What, exactly, is Trump hoping to accomplish by bellowing demands and authorizing overtly threatening things such as edging our underwater nuclear “deterrent” closer to Russia, the better-to-nuke-them-with? This is something his senile grifter predecessor never did and that’s a measure of just how strange things have become. One of the main reasons people voted for Trump was to end the god-damned wars rather than incite worse ones. Why is he pushing the Russians to push the button? It cannot be Because Democracy, since the Ukrainians are ruled by a dictator who cancelled elections. It isn’t because America is threatened in any way by the Russians hashing things out with a former Russian province. It certainly isn’t because the American people are demanding it. Politically, it is idiotic because it (like the Epstein Business) is alienating people who supported Trump. There is no “upside” that makes any good sense.
So, why?
Well, because war is the health of the state. It not only shuts up those who raise questions about what the state is up to, it places them in the position of being enemies of the state. Herman Goring, the head of the German Luftwaffe and probably one of the smartest of the leadership cabal of the Third Reich, explained it thusly:
Naturally the common people don’t want war neither in Russia, nor in England, nor for that matter in Germany. That is understood. But, after all, it is the leaders of the country who determine the policy and it is always a simple matter to drag the people along, whether it is a democracy, or a fascist dictatorship, or a parliament, or a communist dictatorship. Voice or no voice, the people can always be brought to the bidding of the leaders. That is easy. All you have to do is tell them they are being attacked, and denounce the peacemakers for lack of patriotism and exposing the country to danger. It works the same in any country.

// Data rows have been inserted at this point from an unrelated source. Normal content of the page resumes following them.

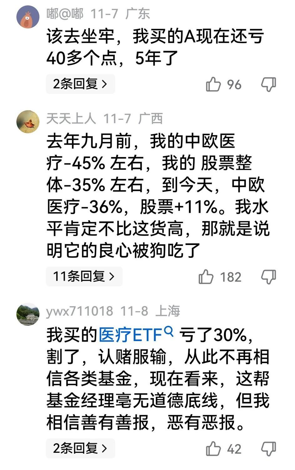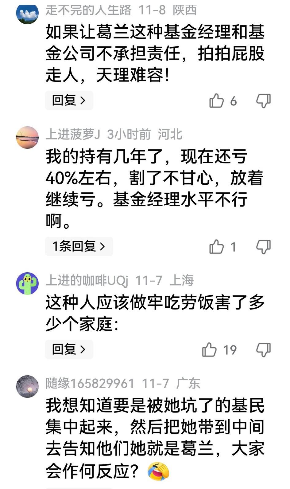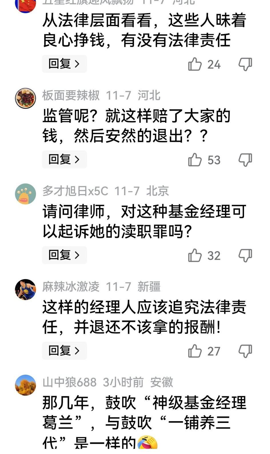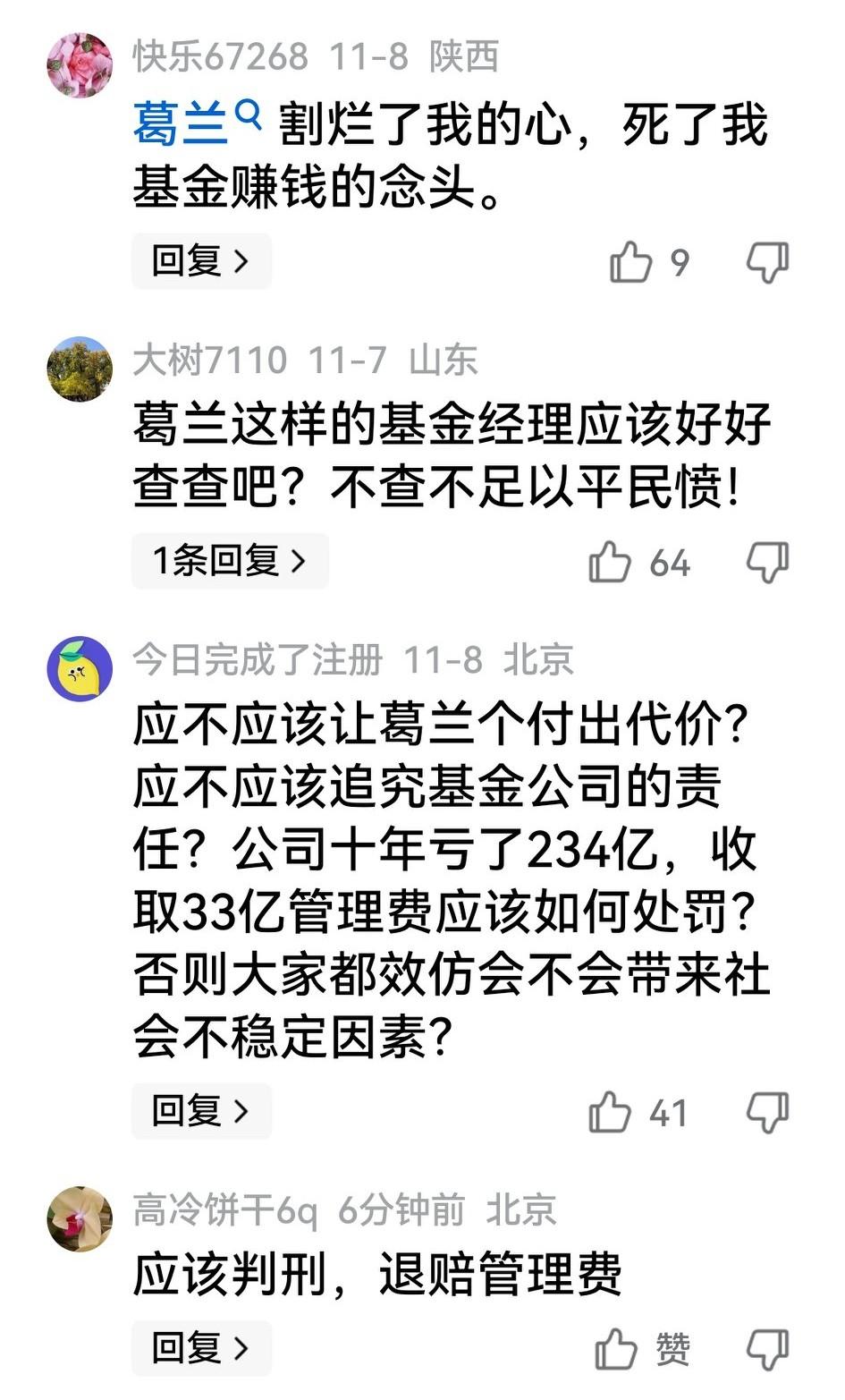 中欧基金经理葛兰呕心沥血,10年为基民亏损234亿元、为公司挣33亿元管理费的消息,引起广大基民群情激奋。 有基民说,去年9月他持有中欧医疗亏45%、自己的股票亏35%,9.24行情以来该基金仍亏36%而他股票已有11%的浮盈。也就是说葛兰不仅跑输大盘,还跑输该散户个人。 评论区普遍不满的是,葛兰既没下课也没承担任何责任,说明她背后有人;还有人要求展开调查,让她入刑。 我要说的是,如果常看机构龙虎榜,就发现游资把股价炒高后,来接盘的机构多得很,这里相当有“学问”。在没有问责机制和赔偿机制条件下,期待公募基金为基民赚钱,概率小得很。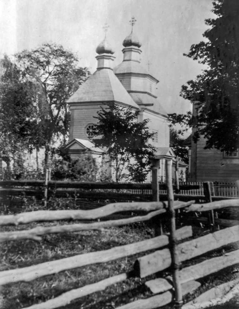 Відомий дослідник Федір Волков [справж. – Вовк Хв. К. – М. Г.] у 1910 р. описує церкву Святителя Миколи як “превосходный образец старинной деревянной архитектуры на Украине”. Посилаючись на світлини Городоцького Музею барона Ф. Штейнгеля, він зауважує: “Вся постройка отличается замечательной выдержанной, гармоничной и благородством форм, заставляющими жалеть о том варварстве, с которым, в стремлении стереть все местные особенности края, потребляются самые дорогие памятники старинного вполне самобытного искусства” [Волков Ф. К. Старинные деревянные церкви на Волыни. – С.Пб., 1910. – С. 7, 14-17, ил.]. Дерев’яна дзвіниця при церкві в цій монографії описана як існуюча, й репродукована в ній світлина тотожна до поданої тут. Заміну старої дерев’яної церкви новою і, певно, мурованою можна датувати кінцем XIX – початком XX ст. [Марія Гончаренко Коментар до світлин архітектурних об’єктів Волині з архіву Бориса Реріха (10.11.2019 р.) ]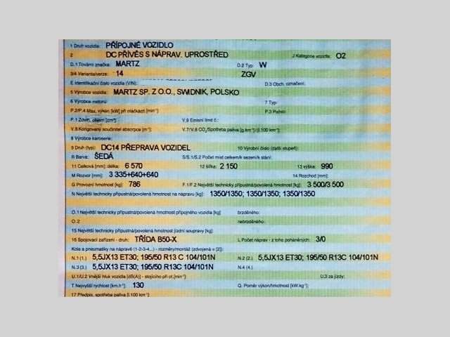 ZÁNOVNÍ přívěs 3-osý přepravník plaťák 3.5t; (PL) MARTZ - W14 ZGV; rok 2022; STK do 11 / 2026; nevyužitý - nevhodná koupě; stav 99.9% NOVÉHO; ložná plocha 5 x 2.15 m; vlastní hmotnost 786 kg; celková hmotnost 3.500 kg; užitečná nosnost 2.714 kg; naviják; nápravy ALKO / 3x 1 350 kg; nájezdová brzda ALKO; nájezdy v rámu schované; pneu 195/50 R13; Cena bez DPH. Pro neplátce dohoda.; Volejte 608 244 776 od Po-Pá/9-17 hod. nebo pište;;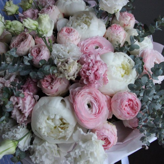 Зефирное облачко – Букет с пионами и ранункулюсами

Indeed, it does. Indeed it will.
Trump is in trouble. He needs a diversion, one big enough to shut people up about the Epstein Business as well as other emulsifying shit-storms, including the “fake news” about the jobs that haven’t been created and general enshitification of life in this country for average Americans, who are paying $100 for two plastic bags of groceries and double or triple what they used to pay for insurance and forget buying a new house if you are a first-time buyer.
A war would serve. It worked for The Chimp. It always works. Which is why it’s what they always do whenever it looks like the public is getting tired of the schtick.
This article was originally published on Eric Peters Autos.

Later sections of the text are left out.